What you consider a healthy food might be a bit less black-and-white than you think.
The New York Times and The Morning Consult conducted a survey, released Tuesday, that asked 672 nutritionists and 2,000 US voters what foods they considered healthy or unhealthy.
Of the 52 foods the survey asked about, here are 13 that the nutritionists and the general public were the most split on.
See the full food breakdown charted by The New York Times.
Granola bars can be deceivingly unhealthy because they’re filled with sugar — a fact almost three-quarters of nutritionists recognized while the majority of the public didn’t. A bar has roughly a third of your daily sugar intake, though the amount of sugar varies from bar to bar.

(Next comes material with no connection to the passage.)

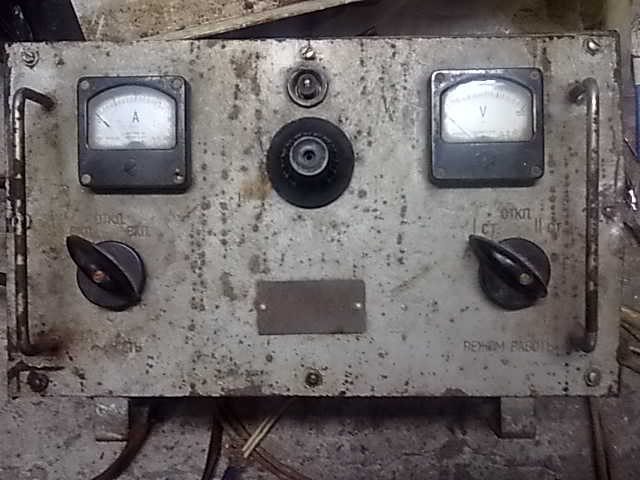 это зарядка благополучно стыренная из военного кунга. надежная вещь, если не крутить регулировку тока. а если крутить, то только при выключенном аппарате из розетки!!!!!! можно использовать как пускач только не долго.

71% of the public thought granola bars were healthy, while 28% of nutritionists did.
Coconut oil is a trendy fat substitute for your favorite recipes, but it is pretty high in saturated fat, which the US Department of Agriculture recommends avoiding.
72% of the public thought coconut oil was healthy, while 37% of nutritionists did.
As tempting as it may be to count frozen yogurt topped with fruit as a nutritious substitute for dinner or just as a treat, it’s still packed with sugar (almost 70% of your daily intake).
66% of the public thought frozen yogurt was healthy, while 32% of nutritionists did.